ANN ARBOR, Mich. — Despite the jackhammer-like rhythm of a mechanical ventilator, Alicia Moreno had dozed off in a chair by her 1-year-old's hospital bed, when a doctor woke her with some bad news: The common stool softener her son, Anderson, was given months earlier had been contaminated with the bacterium Burkholderia cepacia.
Suddenly, Anderson's rocky course made medical sense. B. cepacia was the same unusual bacterium mysteriously found in the boy's respiratory tract, temporarily taking him off the list for a heart transplant. The same bacterium resurfaced after his transplant and combined with a flu-like illness to infect his lungs. He's been on a ventilator ever since.

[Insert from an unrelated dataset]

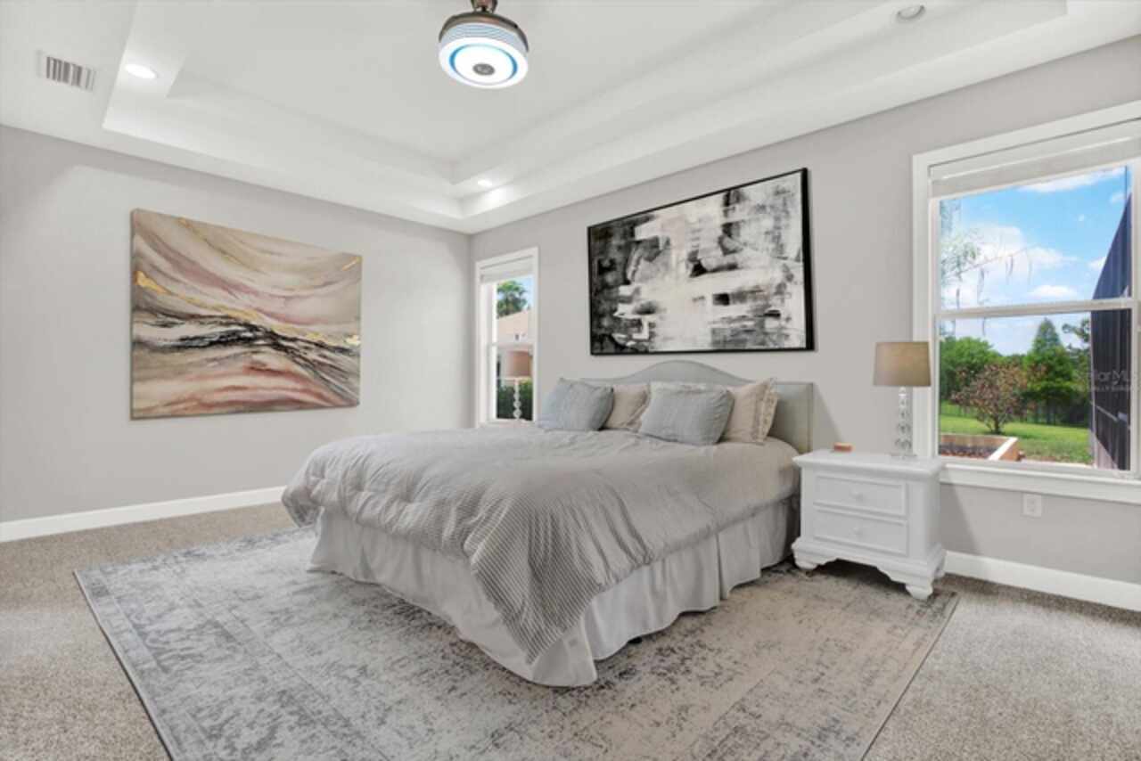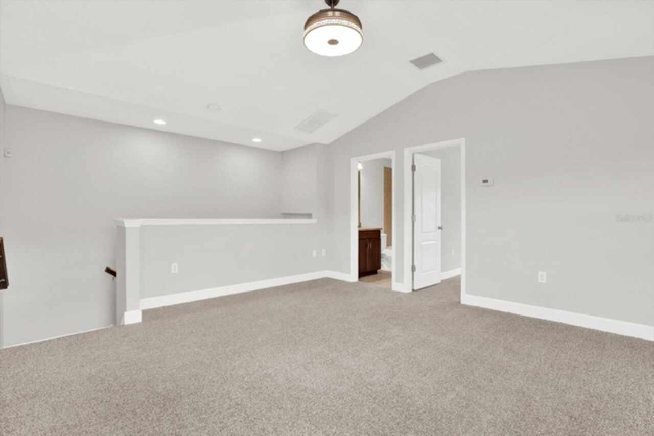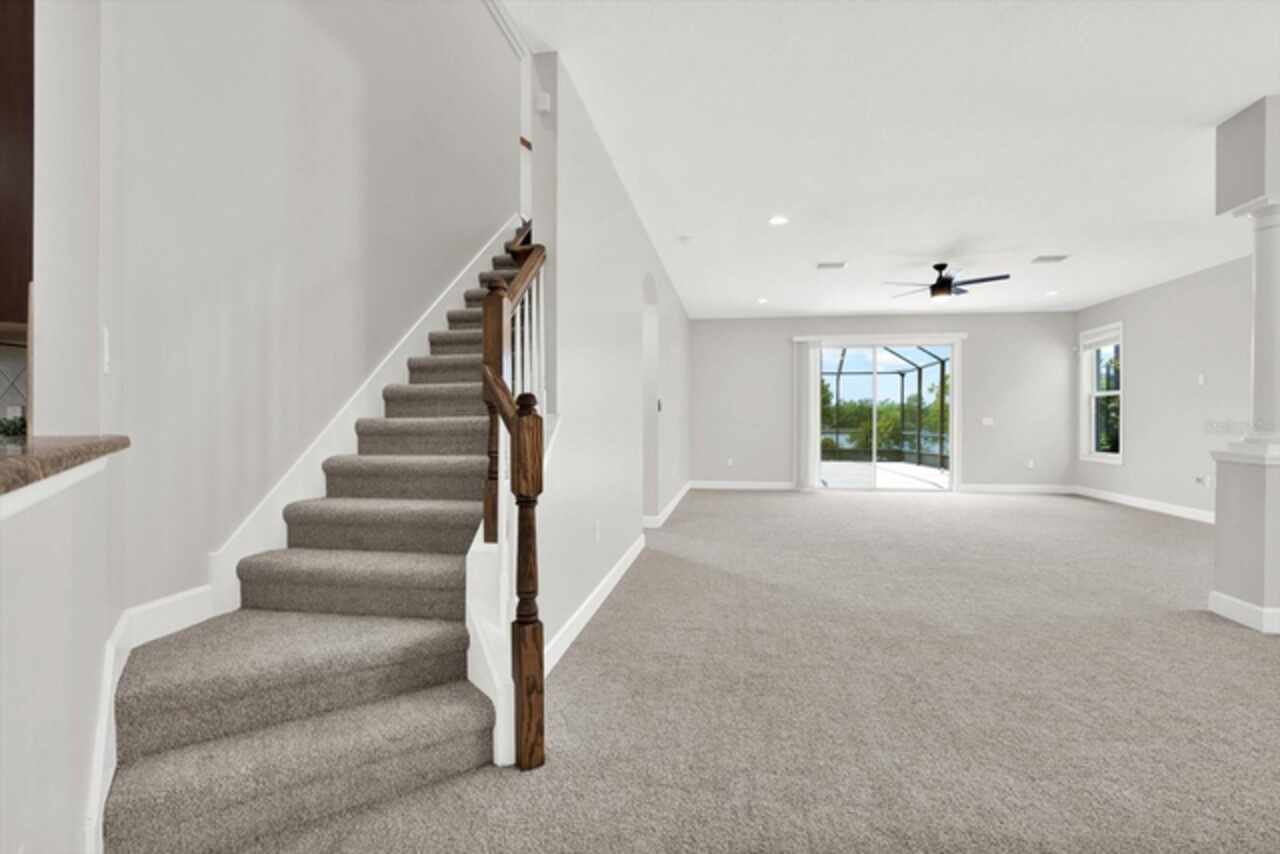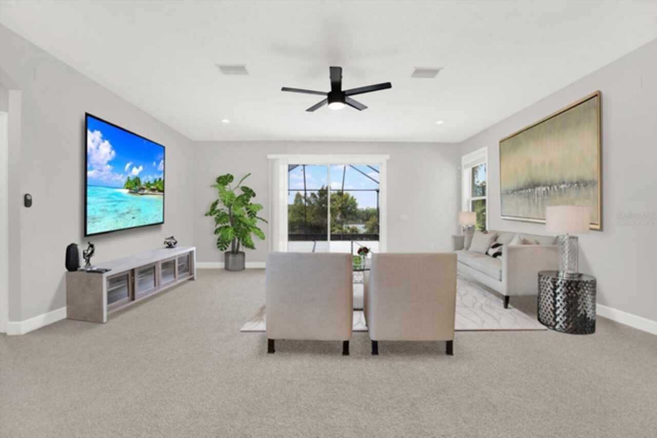 One or more photo(s) has been virtually staged. Experience waterfront living and a maintenance-included lifestyle in the highly sought-after, guard-gated community of Grand Hampton in New Tampa. Positioned on a premium homesite overlooking Lake Hampton with no rear neighbors, this meticulously maintained home offers scenic views, privacy, and an effortless indoor-outdoor flow from the screened lanai—perfect for morning coffee or evening sunsets over the water. Inside, a bright, open layout features brand-new carpet, ceramic tile in wet areas, and a thoughtfully designed kitchen with granite countertops, stainless steel appliances, a gas range, 42" cabinetry, center island, and an oversized closet pantry. The primary suite is a private retreat with a tray ceiling, dual vanities, granite counters, soaking tub, walk-in shower, private water closet, and generous walk-in closet. Additional highlights include a spacious upstairs bonus room ideal for a home theater, gym, or guest suite, an indoor laundry room, and a two-car garage. A charming front porch and backyard raised garden bed add warmth and personality while complementing the home’s elevated design. Grand Hampton offers 24/7 manned gated security and an unparalleled resort lifestyle, including a resort-style pool, lap pool, tennis and pickleball courts, basketball, fishing pier, fitness center, playgrounds, scenic trails, clubhouse, and a full-time lifestyle director. HOA benefits include routine landscaping, annual mulching, exterior painting, high-speed internet, and exclusive access to amenities for a true lock-and-leave experience. Located minutes from top destinations including The Shoppes at Wiregrass, Tampa Premium Outlets, Costco, Target, restaurants, entertainment, USF, Moffitt Cancer Center, AdventHealth, Florida Hospital, and major commuter routes with easy access to downtown Tampa, Tampa International Airport, and award-winning Gulf beaches. This is a rare opportunity to own a lakefront home in one of New Tampa’s most desirable communities—where lifestyle, location, and convenience come together. Schedule your private showing today.
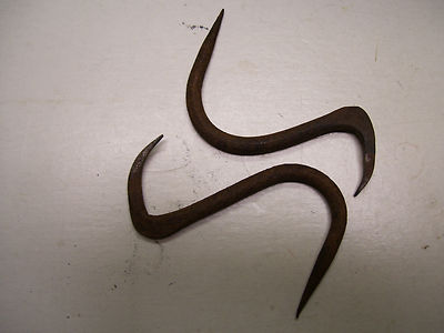 ANTIQUE HAND FORGED IRON MEAT HOOKS BARN HAMMER ANIMAL YARD COW PIG DEER HANGING

The tainted over-the-counter medicine, docusate sodium, routinely prescribed to nearly every hospitalized patient to avert constipation, caused Anderson to suffer "serious and dangerous life-threatening injuries," a lawsuit filed by his family alleges. The drug was eventually recalled, but only after a Texas hospital staff noticed an uptick in B. cepacia infections, prompting a six-month investigation that led back to the tainted drug and its Florida manufacturing plant.
"Something that was supposed to help him hurt him," Alicia Moreno said.
Since the start of 2013, pharmaceutical companies based in the U.S. or abroad have recalled about 8,000 medicines, comprising billions of tablets, bottles and vials that have entered the U.S. drug supply and made their way to patients' medicine cabinets, hospital supply closets and IV drips, a Kaiser Health News investigation shows. The recalls represent a fraction of the medicines shipped each year. But the flawed products contained everything from dangerous bacteria or tiny glass particles to mold — or too much or too little of the drug's active ingredient.
Over the same period, 65 drug-making facilities recalled nearly 300 products within 12 months of passing a Food and Drug Administration inspection — as was the case with the stool softener, according to a KHN analysis of recall notices and inspection records kept by the FDA.